Not yet! There's no one who can make a million copies of a reflection hologram on photopolymer. If Maria wants to make a million copies of a security seal, she should've made a rainbow master and replicated by making a shim in a nickel tank. If her customer wanted a million reflection copies, she would have to get 1,300,000 sheets of polymer, assuming ~30% loss (does anyone actually produce 1,300,000 sheets of polymer?). She would then have to expose each one separately. Assuming an exposure of about a minute, with about a minute to change the film in the holder, and taking into account that she probably needs some sleep, she would spend about 6 years shooting this, day in and day out, for 16 hours every day.

"Having been trained as a holography technician"
-Does one get the feeling that Maria should've had chosen a better technician?

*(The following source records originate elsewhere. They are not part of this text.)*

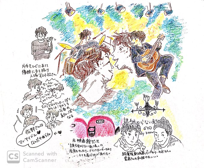 1/11 堂島孝平ゲスト小松シゲル@仙台「誰も知らない劇場」のライブ絵を。曲名ネタバレなしですのでご安心を。ゲストとのMCと歌ってた2人の雰囲気を描きました!本当に堂島さん✖️小松さんてすごい相乗効果 でめちゃくちゃ楽しい空間になるー!
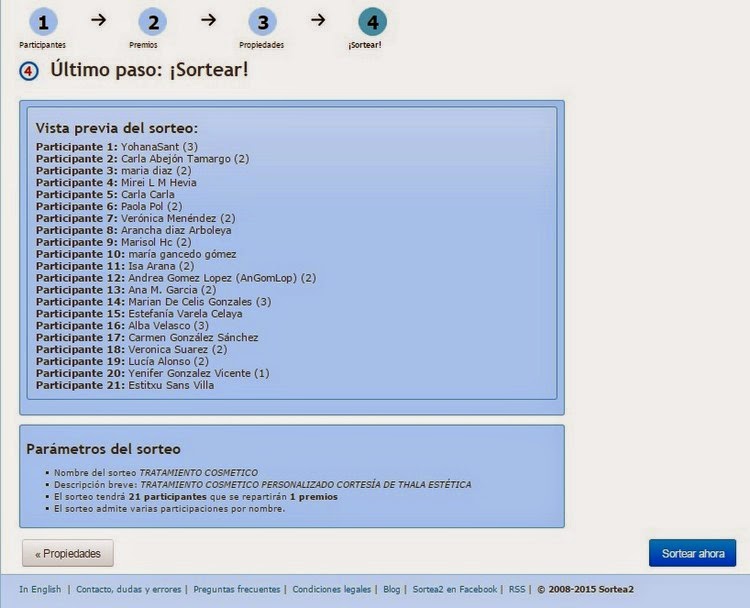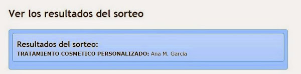 Por otra parte, os dejo el nombre de la ganadora del sorteo del maravilloso tratamiento cosmético personalizado, cortesía del centro de Spa/Belleza/Cuidado Personal Thala, realizado a través de Sortea2 y cuyas bases publicaba aquí el 27 de abril,
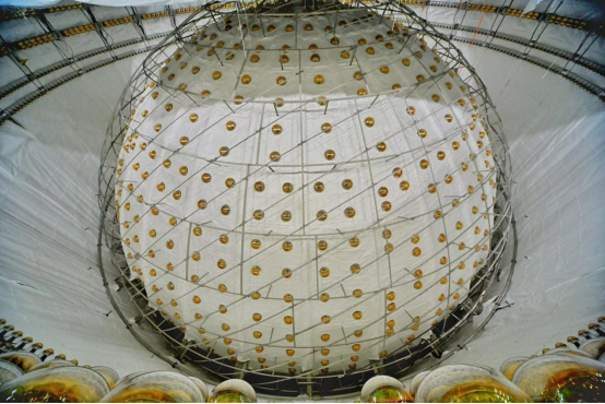 JUNO的核心探測(cè)器為有效質(zhì)量達(dá)2萬噸的液體閃爍體探測(cè)器(中心探測(cè)器),安置于地下實(shí)驗(yàn)大廳44米深的水池中央。直徑41.1米的不銹鋼網(wǎng)殼作為主支撐結(jié)構(gòu),承載了包括35.4米直徑的有機(jī)玻璃球、兩萬噸液體閃爍體、兩萬只20英寸光電倍增管、兩萬五千只3英寸光電倍增管以及前端電子學(xué)、電纜、防磁線圈和隔光板等眾多關(guān)鍵部件。遍布探測(cè)器內(nèi)壁的光電倍增管協(xié)同工作,探測(cè)中微子與液閃相互作用產(chǎn)生的閃爍光,并將其轉(zhuǎn)換為電信號(hào)輸出。
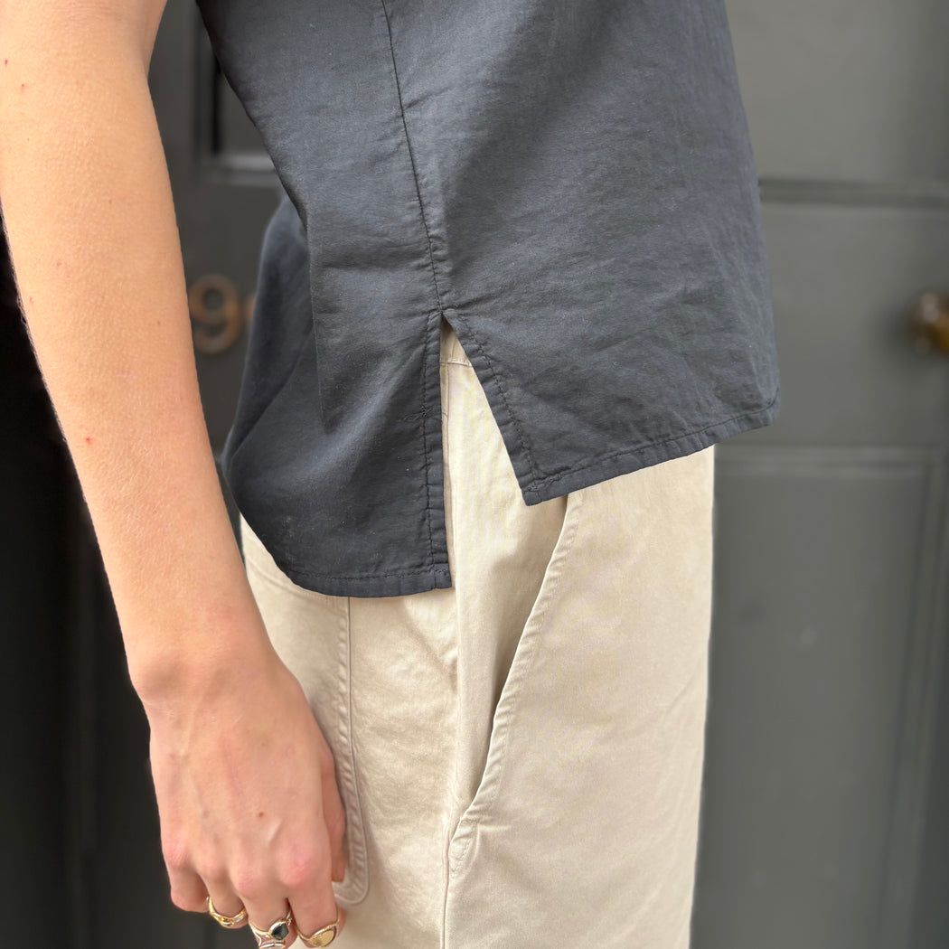 Soft cotton short sleeve shirt, with a flat collar and a boxy shape.

"Now hold the emulsion side of the hologram on top of a cup of hot water (tea, coffee) and allow the steam to “swell” the gelatin. Observe the image again and notice that the color has been shifted toward red."
Keep observing and notice the image disappear into the infra red! The melting point of gelatin is about 35 deg C. Putting the gelatin above steam at, possibly, 60 deg C will swell the gelatin into the IR, then it will become viscous and slew off.

"If a transmission hologram is broken into pieces, each piece will give a complete perspective of the original scene."
Not so! This is an old misconception. It depends on how far the image is behind the image plane. If the image is too near the image plane, it's no longer visible

"In the areas where the light waves from S are in phase with those from S1¢, the total amplitude is doubled."
But, the intensity, which is what's being recorded, is quadrupled, assuming equal intensities:

I(t) = I(1) + I(2) + 2√[(I(1)I(2)]cos(φ)

If I(1) = I(2) = I, and φ = 2nπ, then
I(t) = 2I + 2I = 4I (Does this violate conservation of energy? After all, recording with two units of light produces a disturbance of 4 units of light.)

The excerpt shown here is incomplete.